Moreover, those contracts “shall be filed as an exhibit to the Form 10—Q or Form 10—K filed for the corresponding period” — which would seem to imply by the 10-Q filed in the second quarter of 2009, if not (given the February effective date) some time in the first quarter. But here’s the rub: If the executive doesn’t become one of those “named executive officers of the registrant” until well after the contract is signed, then the delay may not be a problem if the contract isn’t material on its own. (For the full details, see language on material contracts throughout Title 17 _Ý 229.601 (Item 601) Exhibits.)

DeMovick wasn’t in last year’s proxy. If he didn’t become a named executive officer until the fourth quarter 2009 or later, Coventry might have decided it didn’t have to disclose his contract until the 10-K, as long as the contract wasn’t material in its own right. At as much as $11 million or more over three years, we’ll let you be the judge (The math: $600,000 annual salary, 75% bonus target and a total of $8 million in restricted shares and options.) But given Coventry’s net income last year of $242 million, it works out to something like 1.5% of that figure a year.

For what it’s worth, this isn’t the most delayed executive contract we’ve seen here at footnoted. Earlier this month, Hess Corp. (HES) filed an employment letter for Timothy Goodell dated Sept. 19, 2008. And in November 2009, on the same day that its acquisition by Peet’s Coffee & Tea (PEET) was announced, Diedrich’s Coffee (DDRX) disclosed a 17-month-old compensation agreement with its CEO.

Needless to say, long disclosure delays can raise red flags. And even apart from disclosure omissions, DeMovick seems to have gotten a nice price on that new-hire equity award.

Image source: el clinto via Flickr

UPDATE 3/16: We heard this afternoon from Thomas Zielinski, Coventry Health’s executive vice-president and general counsel. He clarified that DeMovick’s equity award didn’t begin vesting on March 24, 2009, as we understood from the employment agreement, but rather will do so beginning this coming March 24. (The employment agreement was phrased somewhat ambiguously, saying that “The options and restricted shares will vest in equal thirds over a three (3) year period, commencing on March 24, 2009”.

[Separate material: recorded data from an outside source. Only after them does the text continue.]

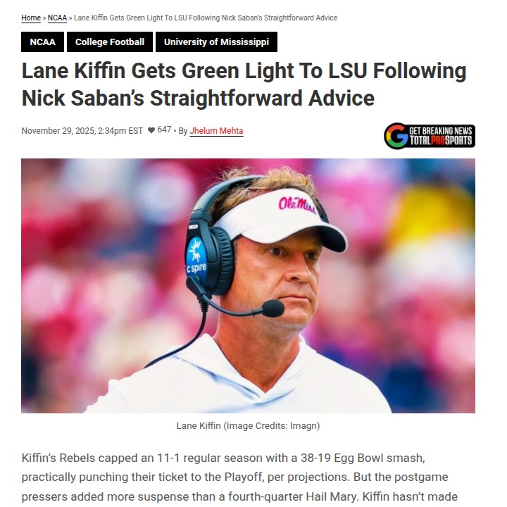 Christopher Hughes+FollowKiffin’s Next Play: LSU or Stay Rebel?The Lane Train is at a crossroads! After leading the Rebels to an 11-1 season and Egg Bowl glory, Lane Kiffin’s next move is the talk of the SEC. With Florida out and LSU fans buzzing, even the GOAT Nick Saban weighed in, hinting that recruiting power could tip Kiffin’s decision. Is he Baton Rouge-bound, or does he keep rolling in Oxford? We’ll know. Thoughts on Saban’s influence here? #Sports #Football #LaneKiffin02Share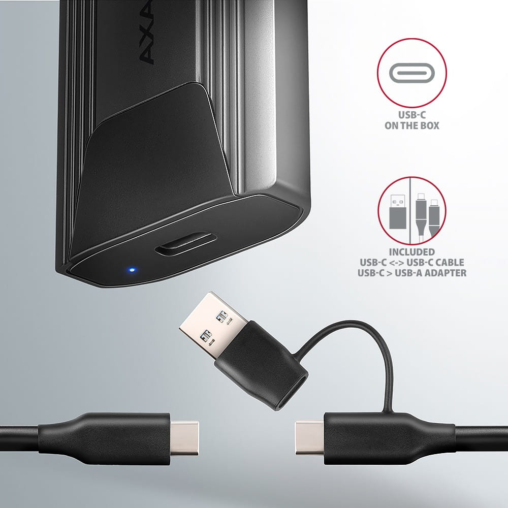 AXAGON EEM2-GTS2 Obudowa zewnętrzna aluminiowa bezśrubowa USB-C 3.2 Gen 2 M.2 NVMe & SATA SSD + USB-A - USB-C redukcja
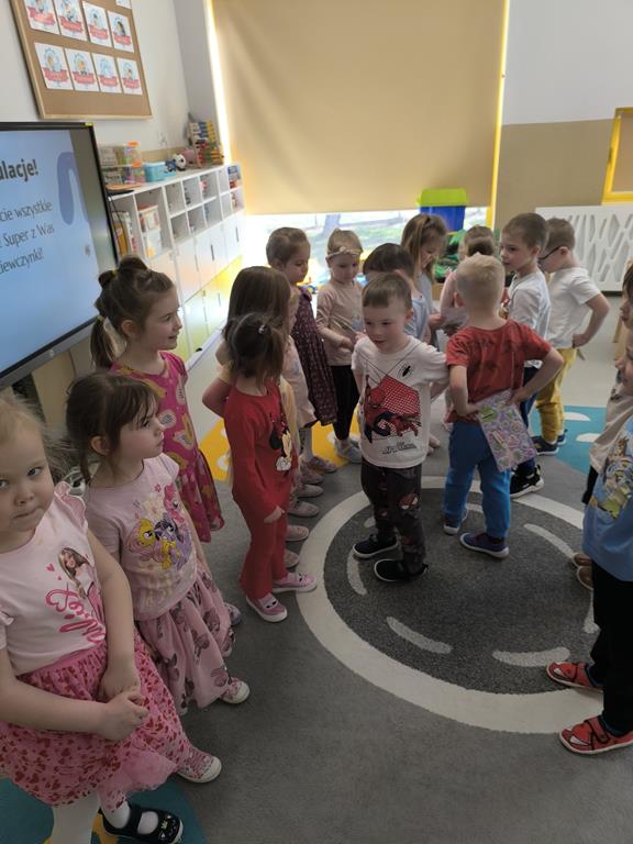 W naszej grupie świętowaliśmy Dzień Kobiet w bardzo wesołej atmosferze. Dziewczynki musiały wykonać kilka zadań i wykazać się różnymi umiejętnościami. Sprawdzały swoje zdolności w liczeniu, tańcu oraz w teście wiedzy o księżniczkach.

Zielinski also took issue with the questions we raised about the timing of the contract. “Mr. DeMovick’s exact role within the company and the terms of his compensation were negotiated during the initial weeks of his return to the company,” Zielinski wrote to us. The company didn’t know DeMovick would qualify as a named executive officer until this year, he added, so “his employment contract was otherwise at the time of signing immaterial for SEC disclosure purposes.”

We are happy to provide additional context from Mr. Zielinski, but we stand by the original post.


Note from Michelle: I want to officially welcome Theo Francis to Theo joined the site last week from Bloomberg and, earlier, BusinessWeek and the WSJ and Sonya and I are very excited to have him involved in the hunt for interesting tidbits in SEC filings. Now that Sonya and Theo are on board full-time, they’ll be posting here more frequently, so be sure to check back often. I also want to wish intern Kristen Scholer good luck as she heads off for a semester in South Africa and welcome Mavis Tan, an intern at Morningstar who will be helping out on footnoted. Mavis is a recent accounting graduate from the University of Illinois at Chicago and is currently working on her CPA.